Monday, Jun. 22, 1936

Squeeze Play?

A brave Chinese general is the one who defies Japan. Last week General Pai Tsung-hsi seemed to have qualified. Long rated in Canton as South China's ablest commander, doughty General Pai abruptly sent the South's armies marching northward "against the Japanese." Simultaneously he reviled Tokyo, also reviled the Chinese Nanking Government of Generalissimo Chiang Kai-shek for having let Japan virtually seize North China, and proudly swelled his chest amid shrieking Cantonese plaudits. Only thing odd about all this was that there were no Japanese in the part of China into which General Pai sent troops "against the Japanese" and that news of their advance was printed in Tokyo papers days before it got under way.

According to Chinese news sources, about 1,000,000 Chinese soldiers were soon involved, the forces of General Pai advancing against positions held by troops of Generalissimo Chiang north of Canton. Pai's untrained soldiers really thought they were advancing "against the Japanese." When they found themselves facing fellow Chinese troops they stopped, camped, waited. Meanwhile at Nanking the Japanese Military Attache, Major General Seiichi Kita, spilled a great many beans by nervously observing that if it should be proved that Japan had sold munitions to General Pai there would be nothing irregular in that.

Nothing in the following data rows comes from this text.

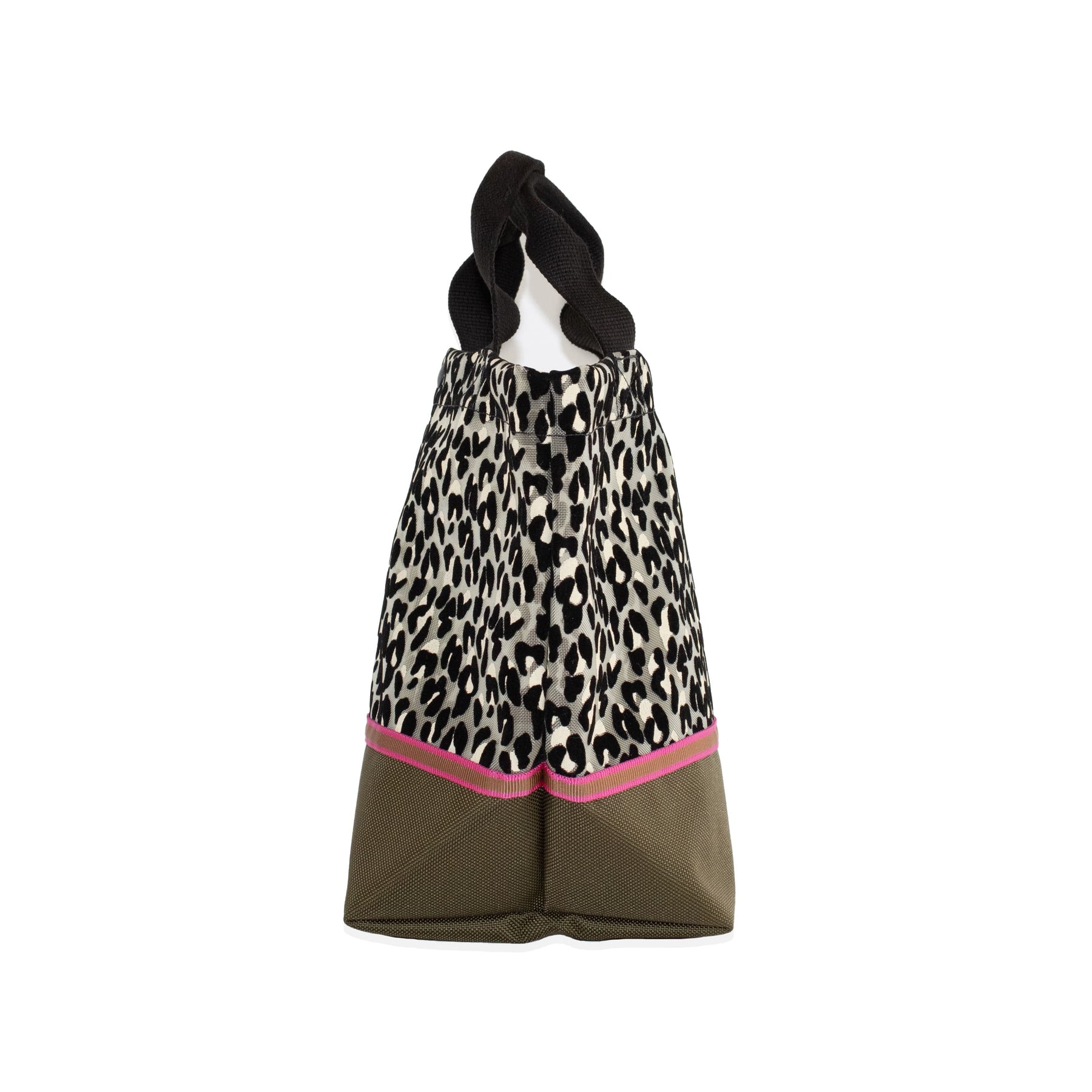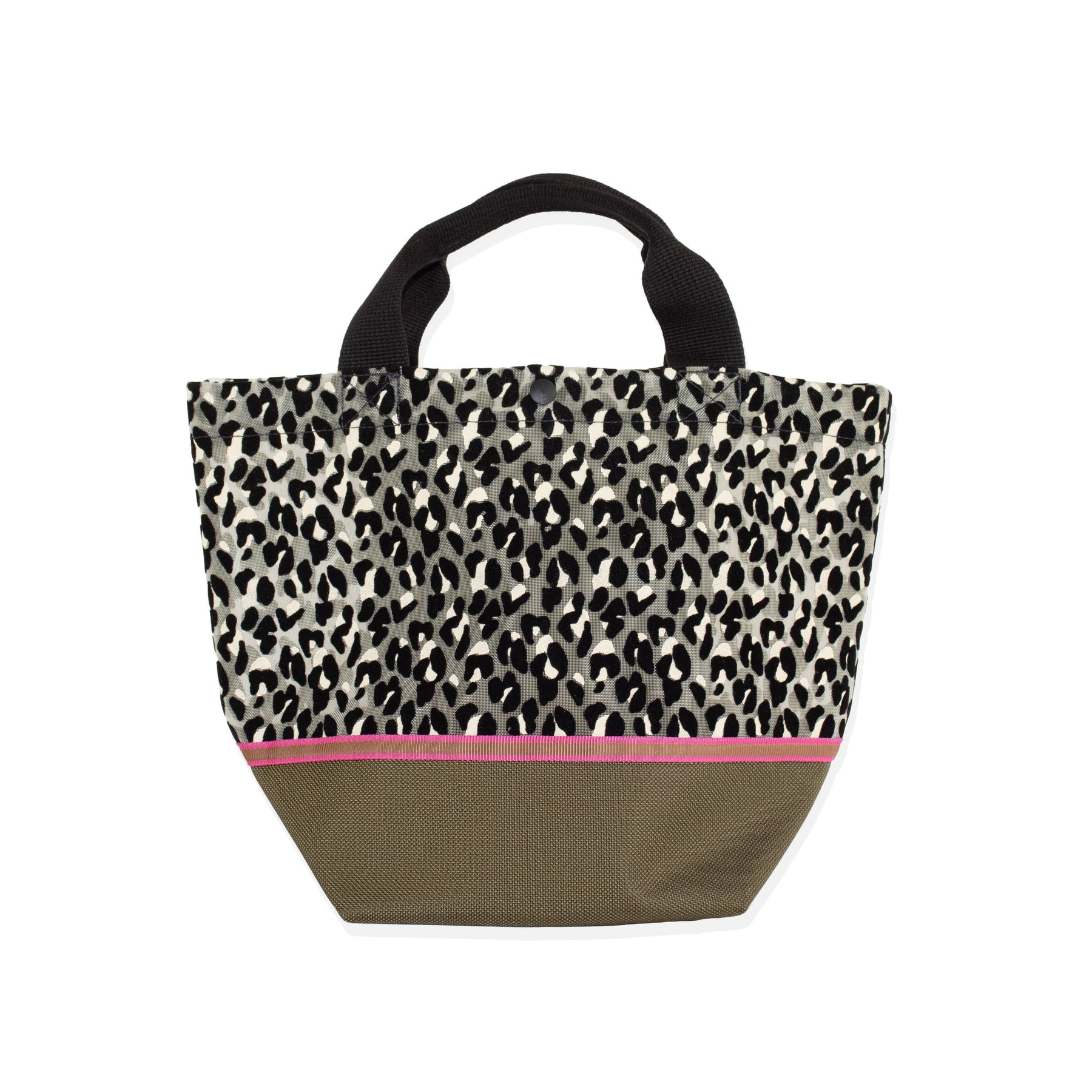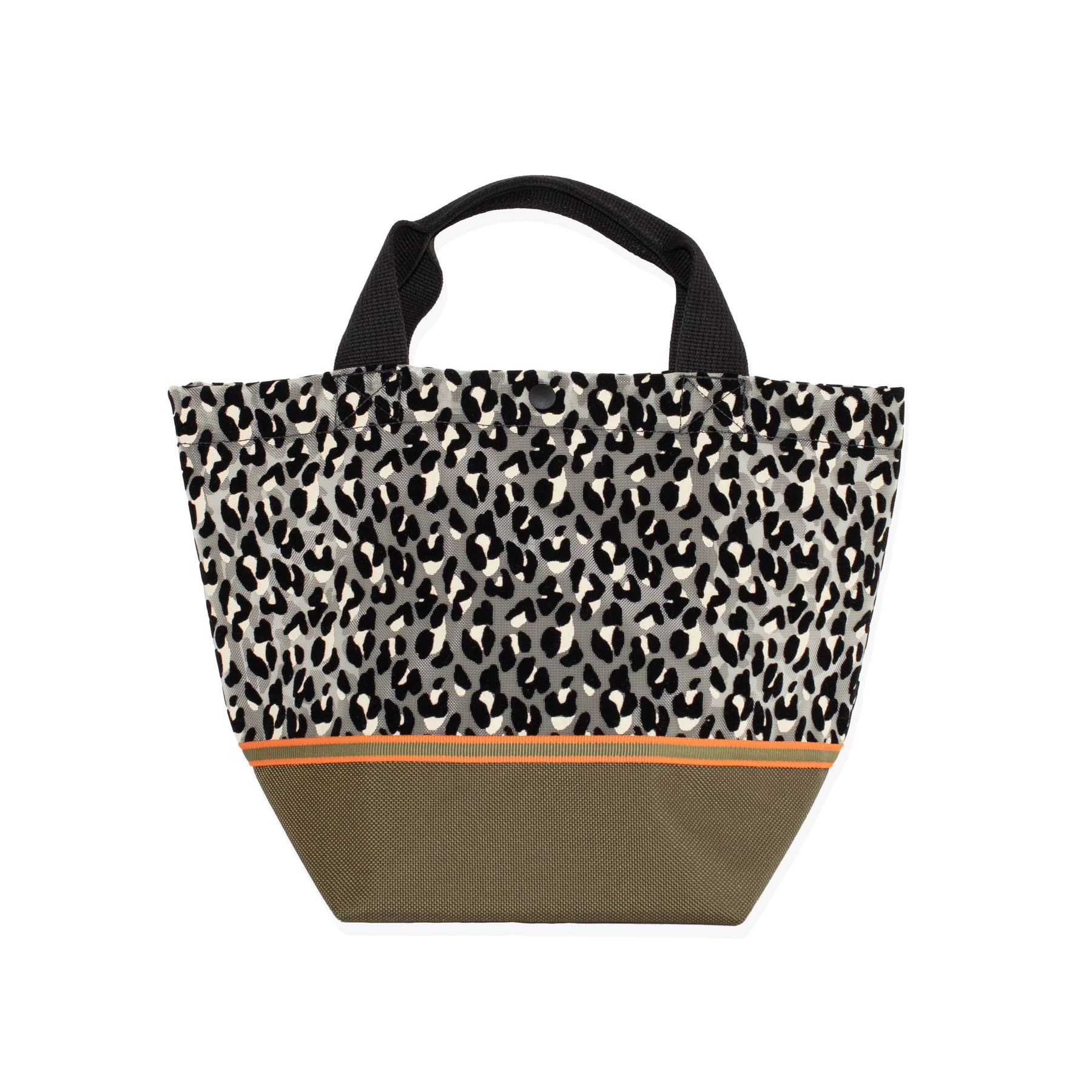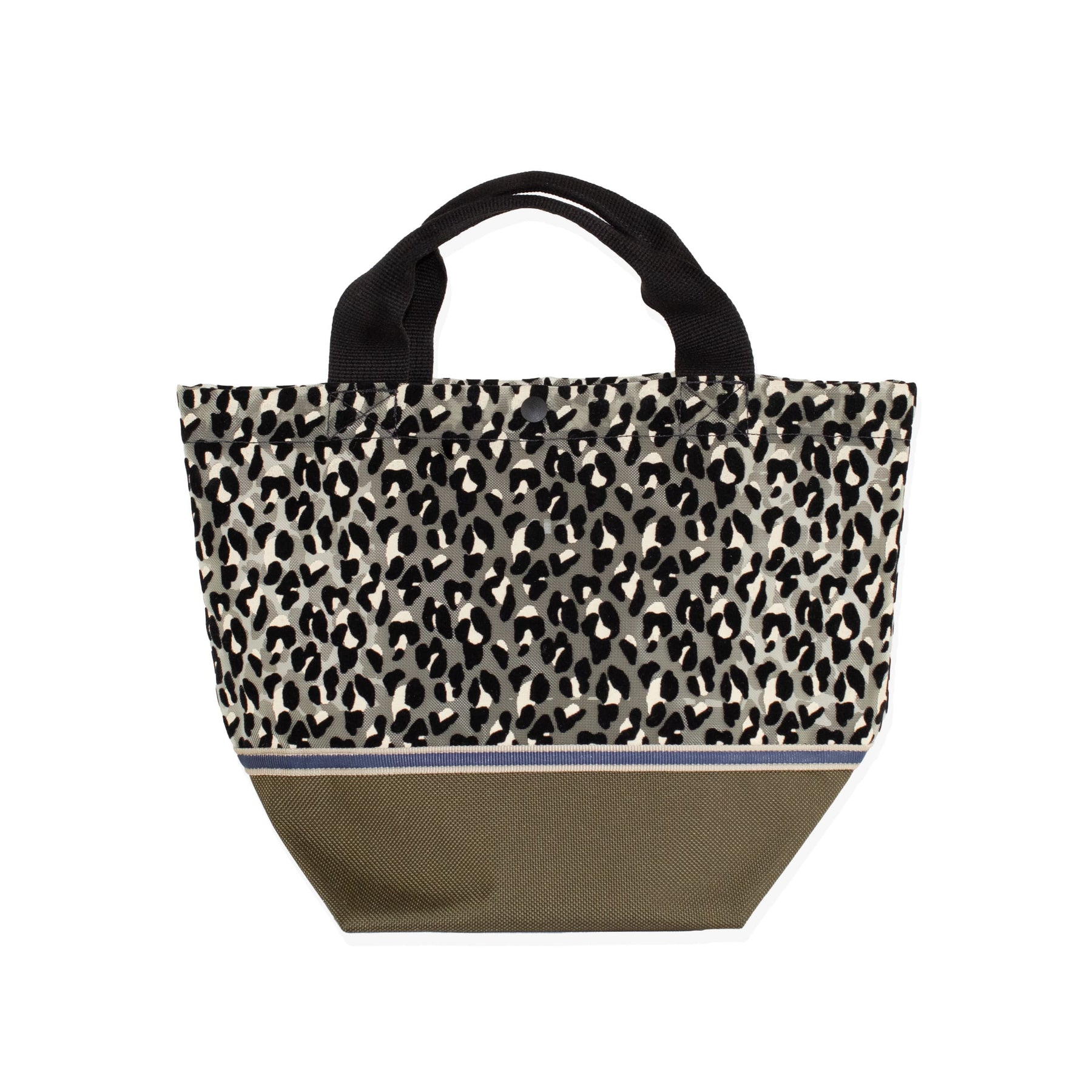 レオパードのデザインと水平線のような直線ラインが目を引きます。軽くて使いやすくマルチに活用できるトートバッグです。使用されている生地には専門職人による国産生地、京都手捺染フロッキーを使用。
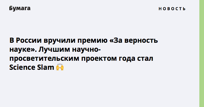 В России объявили победителей VII Всероссийской премии «За верность науке». Лучшим научно-просветительским проектом года стал Science Slam.
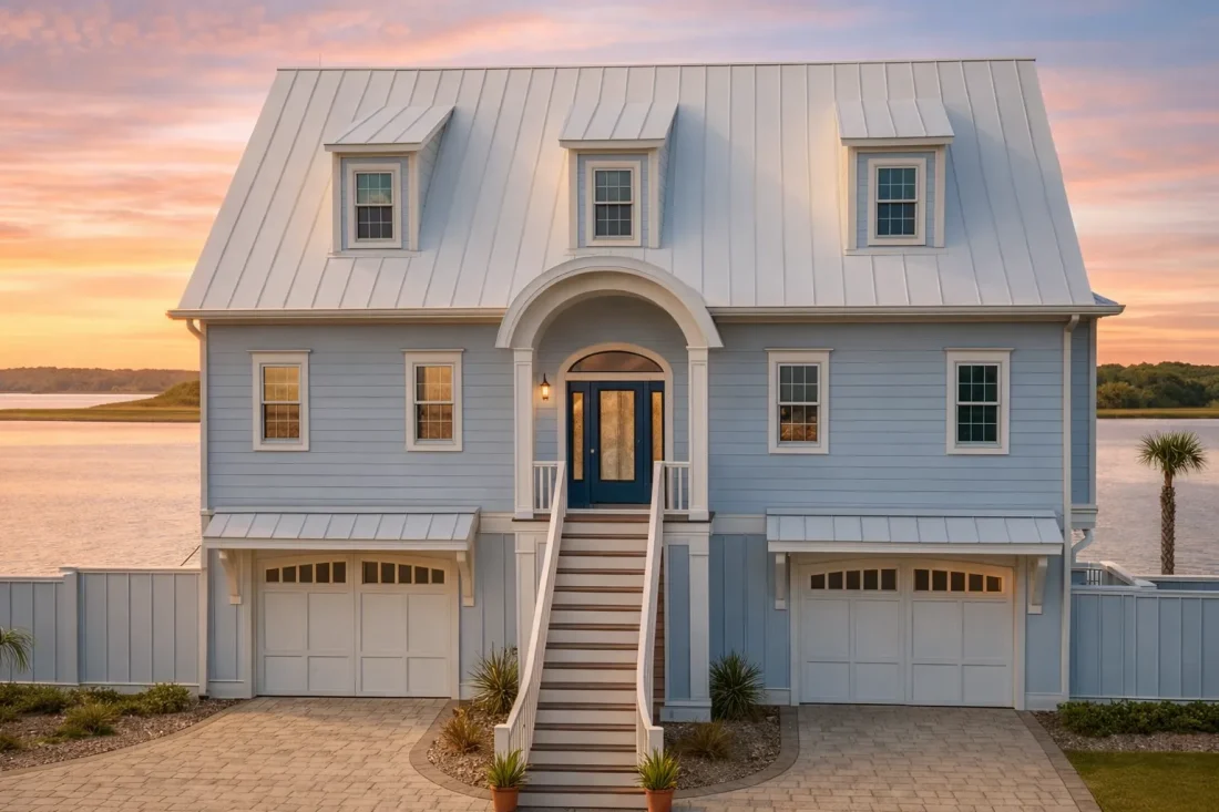 This home draws from traditional Low Country architecture, a style rooted in the American Southeast and adapted for humid climates, coastal winds, and flood-prone regions. Hallmark features include raised construction, deep roof overhangs, tall windows, and breezy circulation patterns.
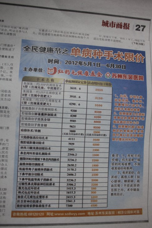 >> 《城市商报》: 健康节之单病种

Cried this dimwit Attache: "Japan of course sells munitions to whoever will pay for them."

Neutral observers could only conclude that the Japanese Government, needing a pretext for further armed encroachment upon China, had subsidized and provided ammunition for General Pai. The ruse continued to work to perfection. General Pai's blasts against Japan touched off all over South China precisely the sort of Chinese popular unrest and baiting of local Japanese needed by spunky little Japanese Premier Koki Hirota as an excuse to intervene. By his orders a Japanese cruiser and six destroyers soon slithered into Amoy "to protect Japanese lives and property." Added a Japanese destroyer officer, "We are ready to proceed to Canton at a moment's notice."

Should Japan obtain the whip hand in Canton and South China which she already holds in Peiping and North China, the so-called "National Government of the Republic of China" at Nanking would be squeezed between two red-hot tongs of Japanese Might. Last week's developments reduced to absurdity an edifying statement read to the House of Commons by Britain's polite Foreign Secretary Anthony Eden, in which Japan was censured for abetting Japanese smugglers to evade the Chinese customs, at the expense of law-abiding British traders.